— Затем оно в стене исчезло, — снова всхлипнула Светка.
— Так и было, — сказала Инга и истерично рассмеялась. По её лицу ручьём стекали слёзы, а она всё смеялась и смеялась, пока Леший не отвесил ей пощёчину.
— Чертовщина, происки бесовские, — утвердил поп и добавил, что нужно срочно освятить дом.
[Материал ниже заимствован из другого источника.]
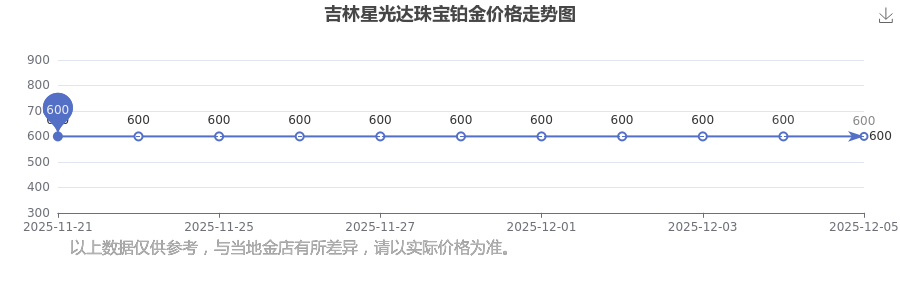 2025年12月7日,吉林星光达珠宝铂金价格每克的价值量定格在600.0元/克。

— Полицию нужно вызвать, — сказал Леший.
— До города нужно добраться и полицию вызвать, — отчеканил, меряя шагами гостиную, Казанова.
А я вообще намеревался оповестить всех о том, что нужно сматываться из дома, как можно быстрее, и не разбираться, что здесь происходит и почему. Неужели это никому из присутствующих неясно? Я почти что выразил свои мысли вслух, как наверху раздался злорадный, играющий на нервах смех.
Разом похолодало, да так, что застучали зубы. Шмяк — со всплеском послышалось со стороны дивана, где лежала тёща. Ощутимое чувство, что в гостиной кто-то есть, пронзило нутро. Бульк — что-то упало на пол.
— Ааа!!! — первой заорала Инга и побеждала прочь из гостиной.
Наташка бросилась за ней, больше не цепляясь за меня. Светка всё щёлкала зажигалкой, пыталась запалить свечу.
Я слышал, как скрипит, прогибаясь, пол. Далёкая вспышка молнии едва пробила темноту, застывшую густым киселём в гостиной. Глухо загрохотало за окном. Священник начал читать молитву: «Отче наш, иже еси на небеси». Его голос звучал твёрдо, путеводной звездой во тьме.
Новая вспышка молнии резко и отчётливо осветила комнату, обнажив карлика с ногтями длинными, как в фильме про икс-менов, только его когти были чуток загнутыми — и с них что-то капало на пол. Но хуже всего было то, что возле дивана находилась неведомая хреновина, пропавшая из мастерской. Пульсирующий мягкий шар напоминал яйцо-кокон, который шевелил сотнями ворсистых отростков, антеннами подрагивающих в нашу сторону, являя собой некий орган осязания-обоняния.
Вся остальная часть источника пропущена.